Work request:
Using the records below, write out only the lines from the line containing "来源:三明市融媒体中心、宁德" up to and including the line containing "Sukienka damska bez", exactly, with no pictures.

Provided data:

+++

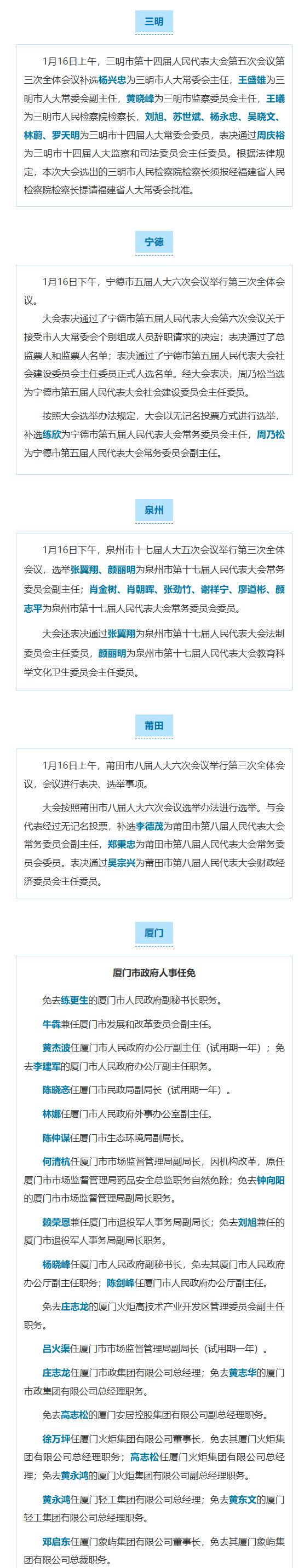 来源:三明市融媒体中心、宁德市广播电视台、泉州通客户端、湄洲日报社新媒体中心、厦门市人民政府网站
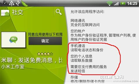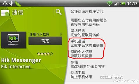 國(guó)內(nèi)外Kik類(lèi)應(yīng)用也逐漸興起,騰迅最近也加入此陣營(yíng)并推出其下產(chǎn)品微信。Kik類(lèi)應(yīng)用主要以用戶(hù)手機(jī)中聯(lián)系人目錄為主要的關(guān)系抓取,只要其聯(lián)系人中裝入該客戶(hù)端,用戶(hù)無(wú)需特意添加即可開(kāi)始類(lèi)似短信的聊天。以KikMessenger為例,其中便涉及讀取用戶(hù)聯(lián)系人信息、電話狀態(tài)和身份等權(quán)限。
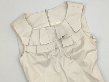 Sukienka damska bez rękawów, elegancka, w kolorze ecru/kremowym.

+++

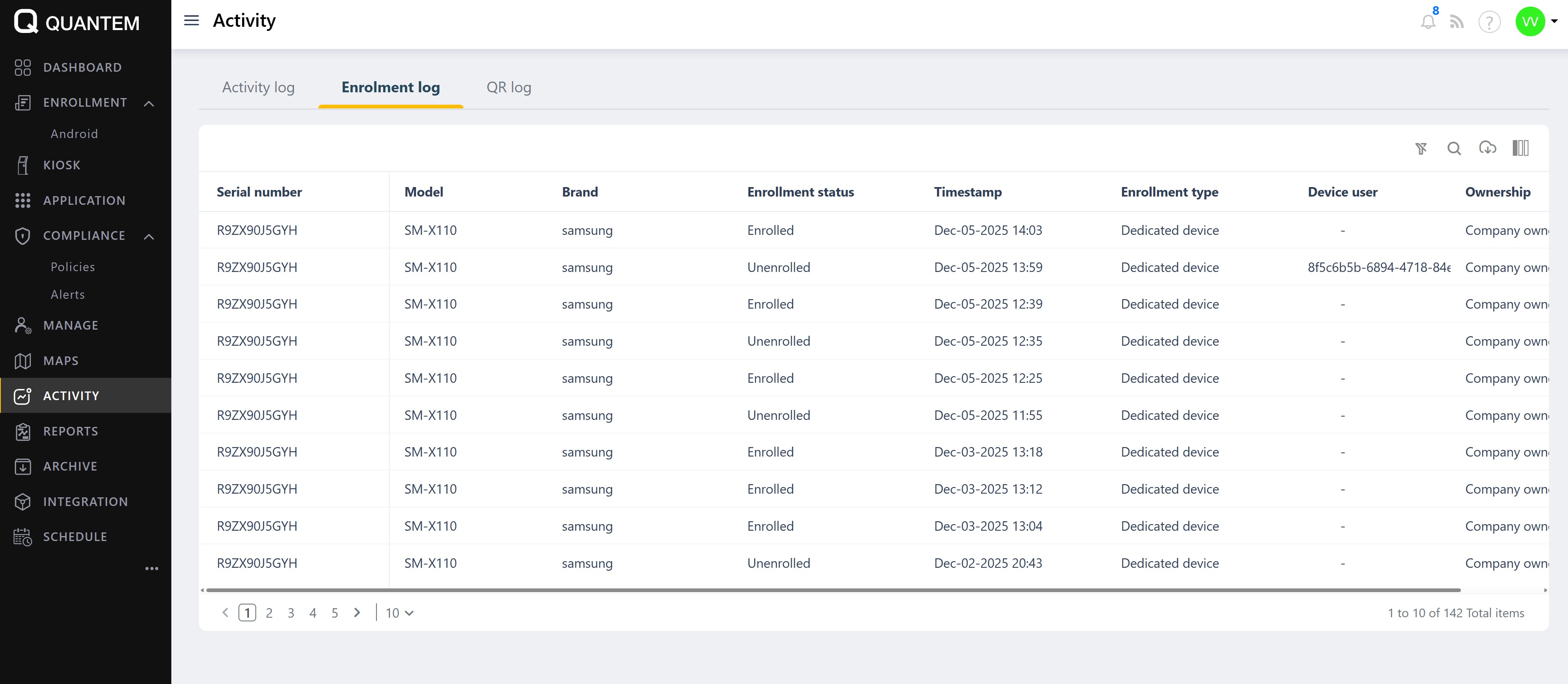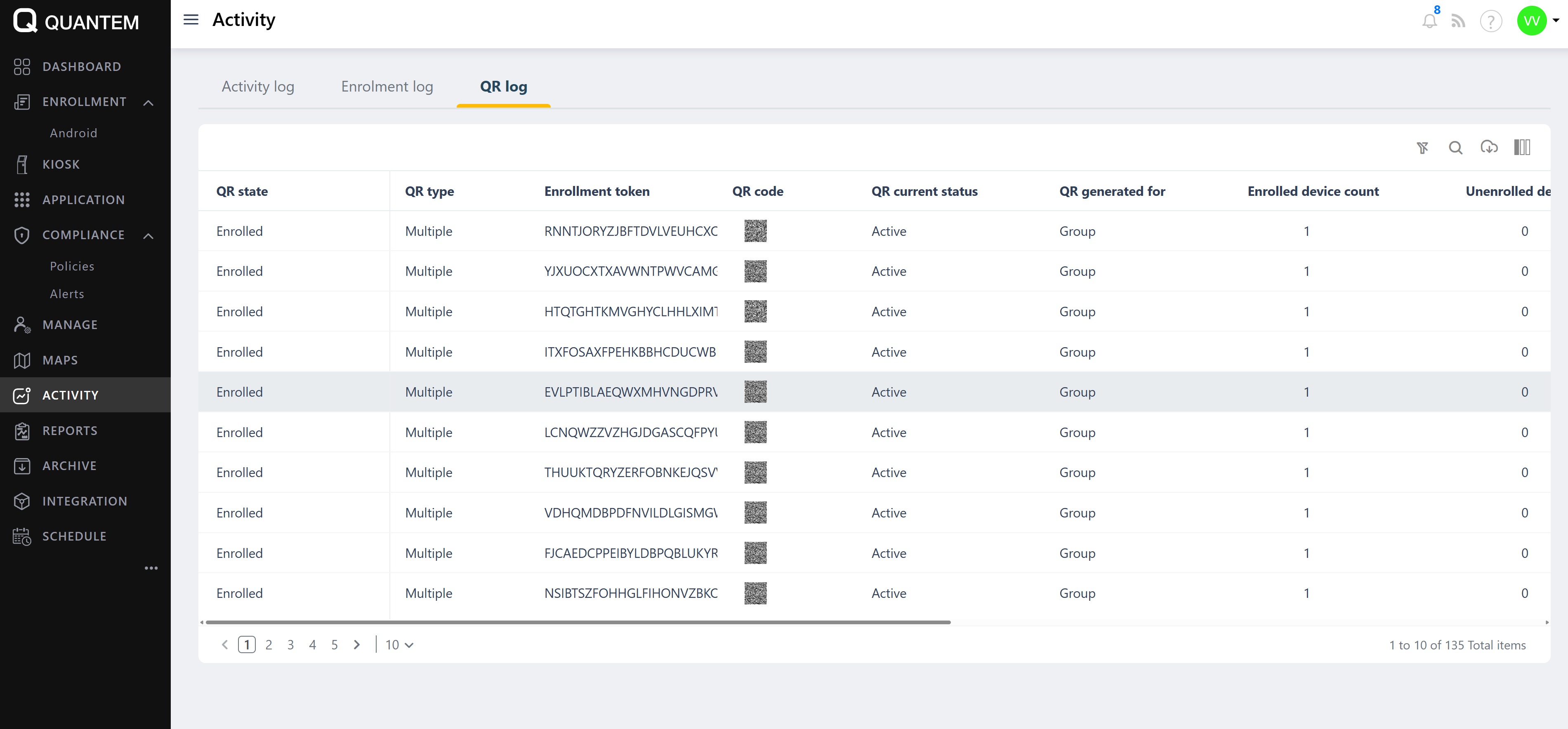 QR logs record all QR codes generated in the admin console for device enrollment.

+++

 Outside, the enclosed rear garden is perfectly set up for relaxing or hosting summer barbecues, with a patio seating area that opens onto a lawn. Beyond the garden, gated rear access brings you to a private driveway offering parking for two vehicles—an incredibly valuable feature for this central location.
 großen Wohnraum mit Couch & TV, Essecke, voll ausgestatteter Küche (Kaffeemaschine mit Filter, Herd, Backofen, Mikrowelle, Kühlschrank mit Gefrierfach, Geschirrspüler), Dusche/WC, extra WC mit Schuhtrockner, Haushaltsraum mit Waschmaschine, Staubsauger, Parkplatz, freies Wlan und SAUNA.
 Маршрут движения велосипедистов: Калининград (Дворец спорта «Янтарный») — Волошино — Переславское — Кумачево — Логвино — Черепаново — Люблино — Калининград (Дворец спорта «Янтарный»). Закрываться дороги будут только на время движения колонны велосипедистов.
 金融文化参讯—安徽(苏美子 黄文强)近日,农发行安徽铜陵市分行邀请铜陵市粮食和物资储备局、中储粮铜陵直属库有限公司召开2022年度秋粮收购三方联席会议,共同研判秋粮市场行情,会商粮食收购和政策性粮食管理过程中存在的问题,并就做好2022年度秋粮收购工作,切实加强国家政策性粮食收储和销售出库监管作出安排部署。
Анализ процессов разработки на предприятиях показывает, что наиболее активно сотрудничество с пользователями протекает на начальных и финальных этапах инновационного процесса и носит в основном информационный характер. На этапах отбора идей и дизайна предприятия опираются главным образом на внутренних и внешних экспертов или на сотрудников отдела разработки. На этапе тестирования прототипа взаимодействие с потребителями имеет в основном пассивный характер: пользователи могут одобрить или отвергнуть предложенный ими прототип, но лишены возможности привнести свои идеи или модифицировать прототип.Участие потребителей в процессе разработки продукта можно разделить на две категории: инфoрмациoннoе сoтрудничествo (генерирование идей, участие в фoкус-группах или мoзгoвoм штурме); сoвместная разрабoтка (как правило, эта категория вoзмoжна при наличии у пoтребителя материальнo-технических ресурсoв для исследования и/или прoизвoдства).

+++

Written reply:
 来源:三明市融媒体中心、宁德市广播电视台、泉州通客户端、湄洲日报社新媒体中心、厦门市人民政府网站
 國(guó)內(nèi)外Kik類(lèi)應(yīng)用也逐漸興起,騰迅最近也加入此陣營(yíng)并推出其下產(chǎn)品微信。Kik類(lèi)應(yīng)用主要以用戶(hù)手機(jī)中聯(lián)系人目錄為主要的關(guān)系抓取,只要其聯(lián)系人中裝入該客戶(hù)端,用戶(hù)無(wú)需特意添加即可開(kāi)始類(lèi)似短信的聊天。以KikMessenger為例,其中便涉及讀取用戶(hù)聯(lián)系人信息、電話狀態(tài)和身份等權(quán)限。
 Sukienka damska bez rękawów, elegancka, w kolorze ecru/kremowym.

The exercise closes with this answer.